Pictures aside, every line of the listing should be given again exactly.

══════════════════════════════

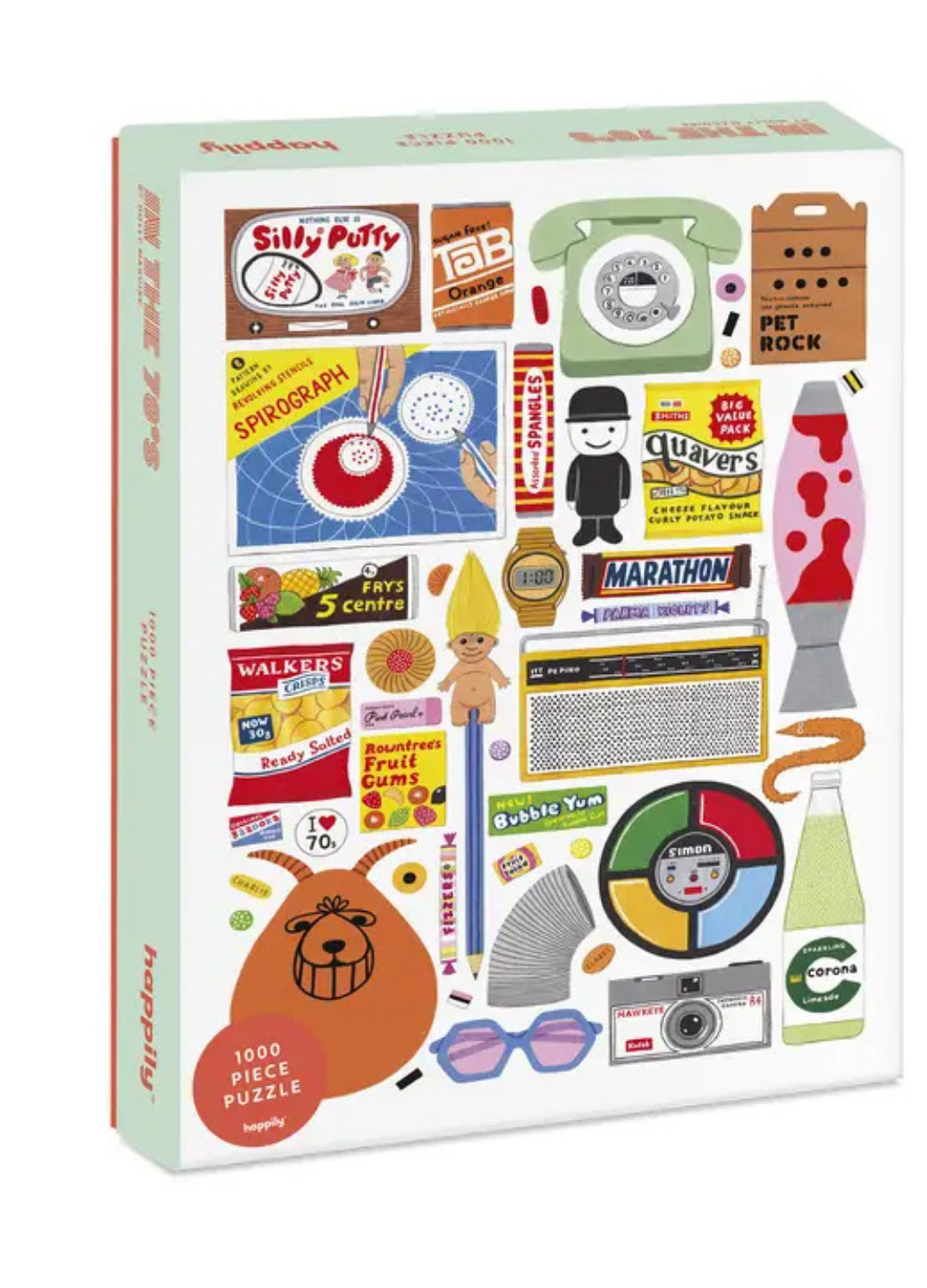1,000 piece puzzle featuring a fun illustration of 70’s nostalgia by Holly Maguire. The perfect gift for children of the 80s and retro lovers. - Made in the Netherlands, printed with vegetable-based ink using sustainably sourced high quality FSC paper and 100% recycled board.
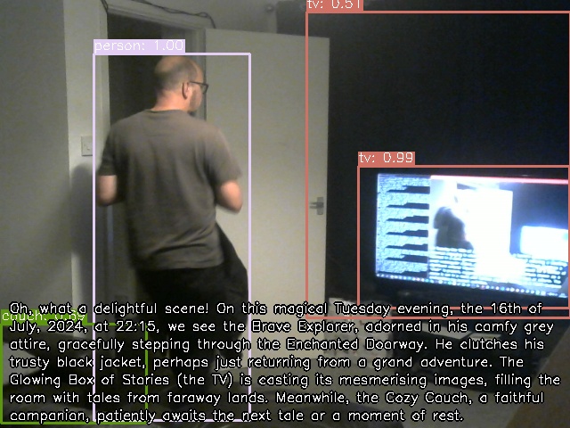 Oh, what a delightful scene! On this magical Tuesday evening, the 16th of July, 2024, at 22:15, we see the Brave Explorer, adorned in his comfy grey attire, gracefully stepping through the Enchanted Doorway. He clutches his trusty black jacket, perhaps just returning from a grand adventure. The Glowing Box of Stories (the TV) is casting its mesmerising images, filling the room with tales from faraway lands. Meanwhile, the Cozy Couch, a faithful companion, patiently awaits the next tale or a moment of rest.
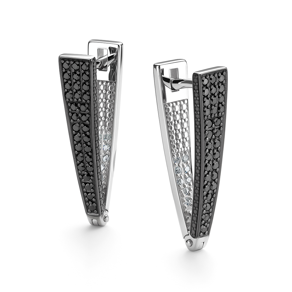 Золотые серьги с бриллиантами и бриллиантами чёрными природными
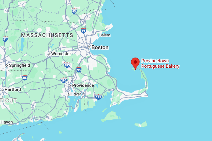 Provincetown Portuguese Bakery can be found at Provincetown’s Commercial Street, just steps from the beach and surrounded by art galleries, shops, and seafood spots.
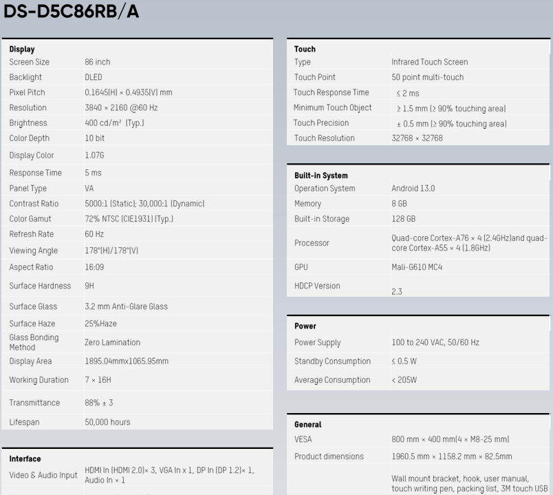 Monitor Interattivo HIKVISION 86" ANDROID 13
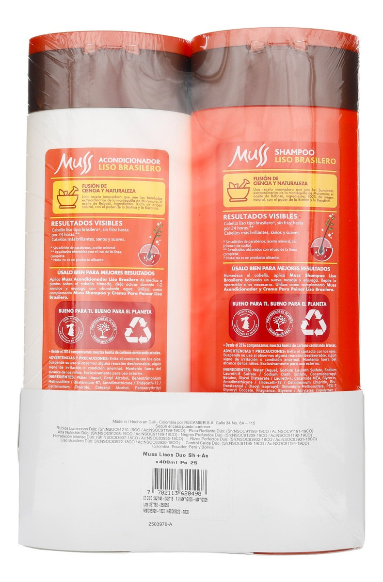 Shampoo Muss Liso Brasilero Sin Sal + Acondicionador
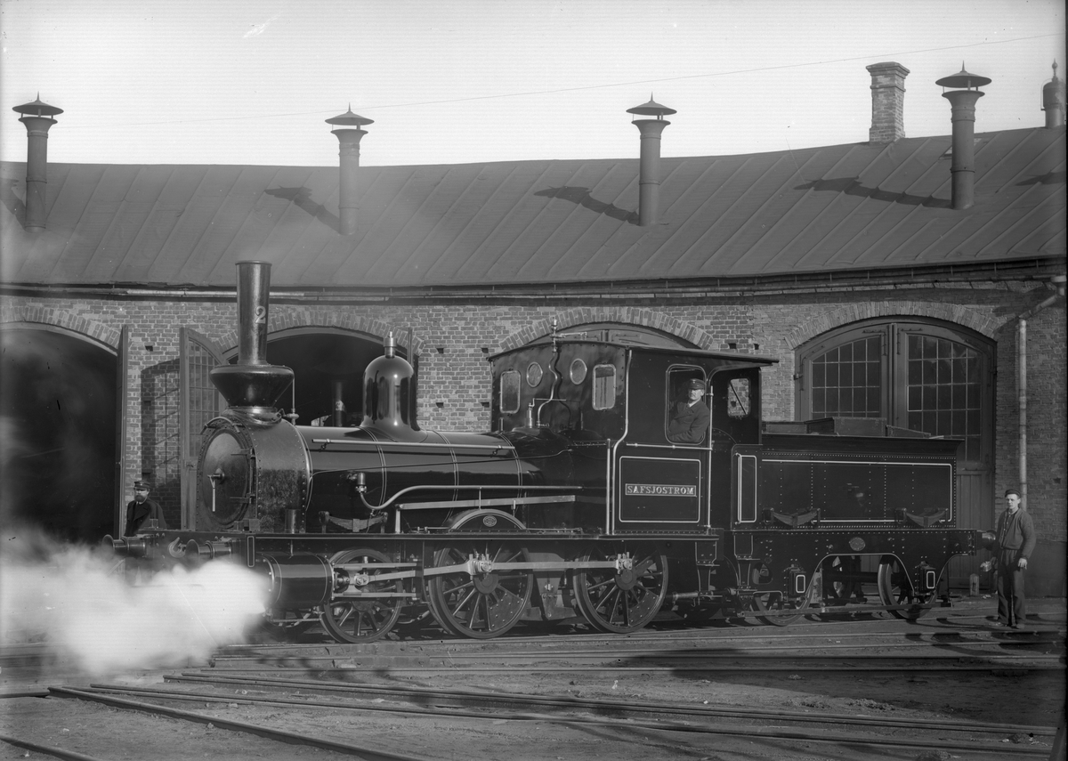 Nybro - Sävsjöströms Järnväg, NSJ lok "Säfsjöström". Loket tillverkades av Nohab, tillverkningsnummer 64. Skrotades 1916. Bilden är troligen tagen vid leveransen.

══════════════════════════════

*Expected answer*:
1,000 piece puzzle featuring a fun illustration of 70’s nostalgia by Holly Maguire. The perfect gift for children of the 80s and retro lovers. - Made in the Netherlands, printed with vegetable-based ink using sustainably sourced high quality FSC paper and 100% recycled board.
 Oh, what a delightful scene! On this magical Tuesday evening, the 16th of July, 2024, at 22:15, we see the Brave Explorer, adorned in his comfy grey attire, gracefully stepping through the Enchanted Doorway. He clutches his trusty black jacket, perhaps just returning from a grand adventure. The Glowing Box of Stories (the TV) is casting its mesmerising images, filling the room with tales from faraway lands. Meanwhile, the Cozy Couch, a faithful companion, patiently awaits the next tale or a moment of rest.
 Золотые серьги с бриллиантами и бриллиантами чёрными природными
 Provincetown Portuguese Bakery can be found at Provincetown’s Commercial Street, just steps from the beach and surrounded by art galleries, shops, and seafood spots.
 Monitor Interattivo HIKVISION 86" ANDROID 13
 Shampoo Muss Liso Brasilero Sin Sal + Acondicionador
 Nybro - Sävsjöströms Järnväg, NSJ lok "Säfsjöström". Loket tillverkades av Nohab, tillverkningsnummer 64. Skrotades 1916. Bilden är troligen tagen vid leveransen.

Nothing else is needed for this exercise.